Kimmerer asserts that a “settler” frame of mind has led to a “Dishonorable Harvest”, an irresponsible consumerism where “we take what doesn’t belong to us and destroy it beyond repair.” In contrast, the principle of “Honorable Harvest,” a long-held ecological ethic of many indigenous tribes, allows you to “take only what you need for sustenance while respecting the needs of the plant and animal beings.”
As I will explain later, my use of Kimmerer’s scientific and spiritual findings could be seen as cultural appropriation. In our hunger for an earth-centered spirituality, we white American “settlers” have a deplorable tendency to adopt the world-views of the very Native Americans against whom we waged a vicious physical and cultural genocide.
Cherokee writer Andrea Smith notes (in her aptly titled For all those who were Indian in a former life) “that our interest in Native American traditional spirituality, with its respect for nature and the interconnectedness of all things…is not based on a respect for Indian spirituality” but on “a very old story of racism and white genocide against Indian people.” This cultural expropriation seems especially ludicrous when she considers that whites “seem determined not to look into their own cultures for sources of strength. This is puzzling since pre-Christian European cultures are also earth-based and contain many of the same elements that [whites] are ostensibly looking for.”
Or, as my Native American students put it, “Why don’t you leave our traditions to us, and find some of your nice Anglo-Pagan ancestors to write about?”

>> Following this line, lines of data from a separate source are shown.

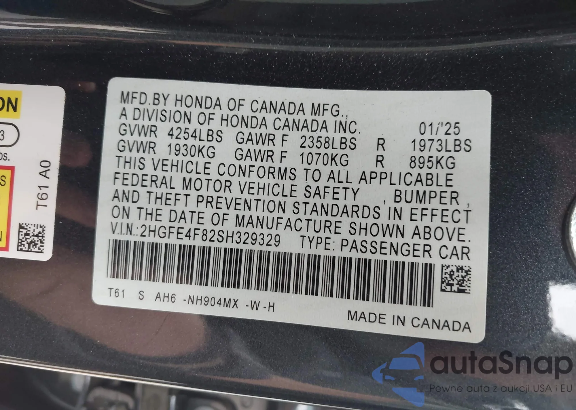VIN: 2HGFE4F82SH329329
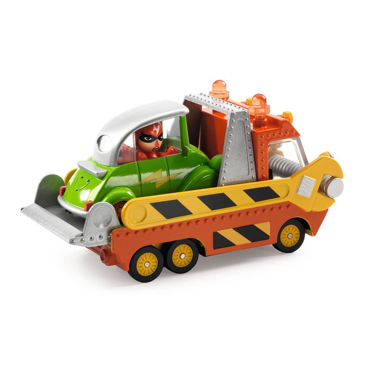Crazy Motors Crazy Truck by Djeco. Broken down vehicle? Quick, the Crazy Truck tow truck is on its way to help! Robust and imposing, it tows the broken-down vehicle onto its platform and transports it to the nearest garage for quick repairs. Simply essential!
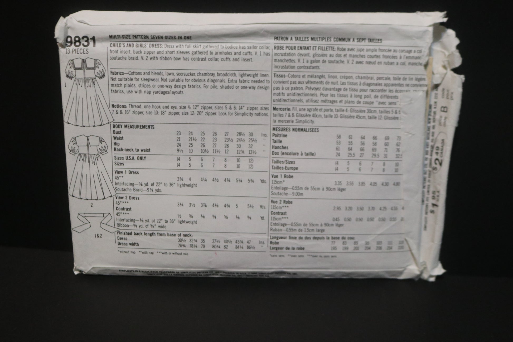 Simplicity 9831 Girls and Childs Dress Sewing Pattern
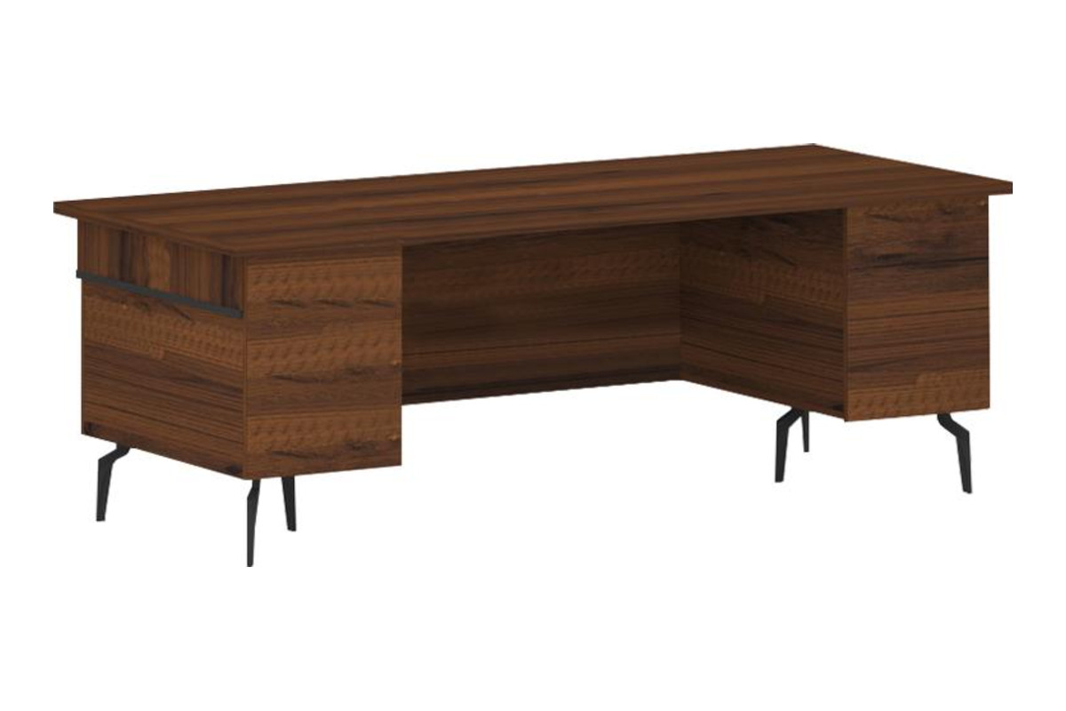Hermos Yönetici Masası, siyah boyalı metal ayakları ve yüzeyde kullanılan dekoratif metal detaylarıyla ofislerde modern bir duruş sergiler. Melamin geniş çalışma alanı, yoğun iş temposunda konforlu ve düzenli bir kullanım sunar.
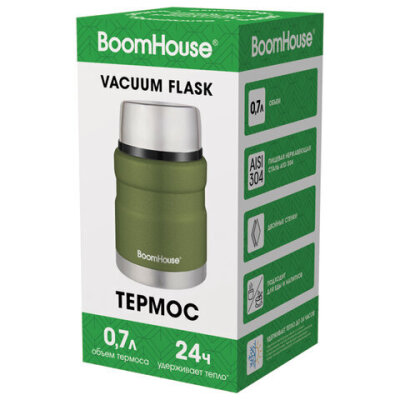 Термос BOOMHOUSE – практичное решение для сохранения температуры еды и напитков до 24 часов! Двойные стенки из нержавеющей стали SUS304 надёжно удерживают тепло, а широкое горло удобно для первых и вторых блюд. Незаменим в поездках, на работе и отдыхе.
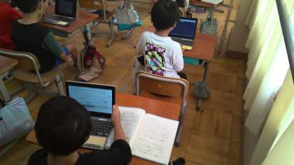国語科「ローマ字」の学習で、伸ばす音の表記の仕方を学習しました。ローマ字で伸ばす音を含んだ言葉をかき、クイズにして解き合いました。
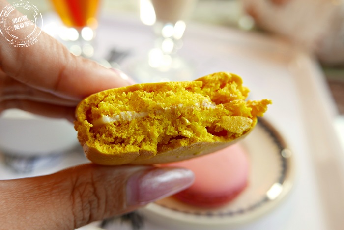 | 說真的,馬卡龍這個價位艾編真的覺得很便宜,因為你們知道這一顆在法國巴黎有多貴嗎?是會下不了手的那種,尤其又是名店的馬卡龍的話那價格真的不是普通人吃得起的,他們家的馬卡龍不只做得漂亮美觀,味道還很好吃,脆脆又軟軟的口感,不愧是少女的酥胸來著,酥香的口感每口都甜蜜蜜的,配茶最舒服,這顆黃色的優格巧克力口味,吃起來有點優格的香氣但不是太明顯,微微的酸度口感更清爽,甜度上我覺得是台灣人可以接受的,尤其女孩子一定超愛,男孩子可能就覺得還好。 |
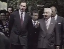 The avowedly anti-communist stance of new President Suharto and his "New Order" government was a point of common cause with successive Australian governments.[34] Australian foreign minister Paul Hasluck visited Indonesia to meet Suharto three times between August 1966 and January 1968 before Suharto's formal appointment as President of Indonesia in March 1968.[35] Australian prime minister John Gorton then visited Jakarta in June 1968, making only the second visit by any Australian prime minister to Indonesia.[36] Suharto made his first visit to Australia in 1972, and met with Prime Minister William McMahon.[37] Following his election in December 1972, Gough Whitlam met President Suharto in Yogyakarta in September 1974[38] and told him that he did not support East Timor's independence, claiming that it would destabilise the region.[39] The leaders again met in Townsville in 1975, Suharto's last visit to Australia.[40]
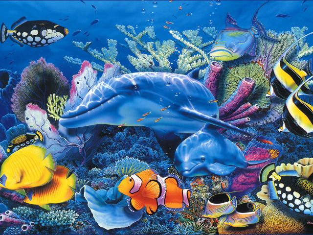 Wallpaper Dolphins in the aquarium
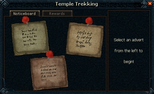 Temple Trekking starts at the town of Burgh de Rott, by the northern gate. Start the minigame by reading the noticeboard nearby.
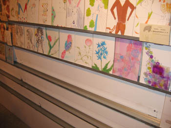 私のコーナーは、入って正面の壁のちょっと下の方、伏し目がちに歩くとすぐ見つかります(^^;)いつも新作はポストカードにはしないんですが、今回は新作の絵も特別限定品で出品しました!ジョウには出してないやつもちらほら・・。
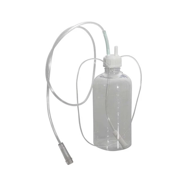 Umidificatore monouso per ossigenoterapia con filtro silenziatore. Prodotto senza lattice.
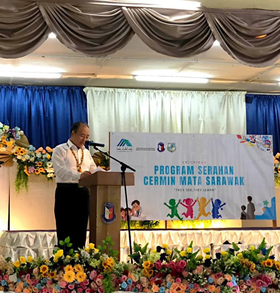 欧阳玉靖大使代表中国驻马使馆向沙捞越学生捐赠近视眼镜

Western Theological Immanentism
Though the result of their suggestion was my novel series about the Fen dwellers of East Anglia, I didn’t have to go all of the way back to pre-Christian “paganism” to find earth-centric spirituality among my ancestors. The idea that nature is infused through and through with divinity characterized Western European Christianity until the 10th century CE.
My first hint of this came while researching my book about the poet Dylan Thomas, whose Welsh forebears practiced Unitarian immanentism. Like American Transcendentalists, they understood divinity as simultaneously present in and extending beyond materiality. This should not be confused with supernaturalism, which locates divinity entirely outside of nature, or with pantheism, which takes nature as all that there is.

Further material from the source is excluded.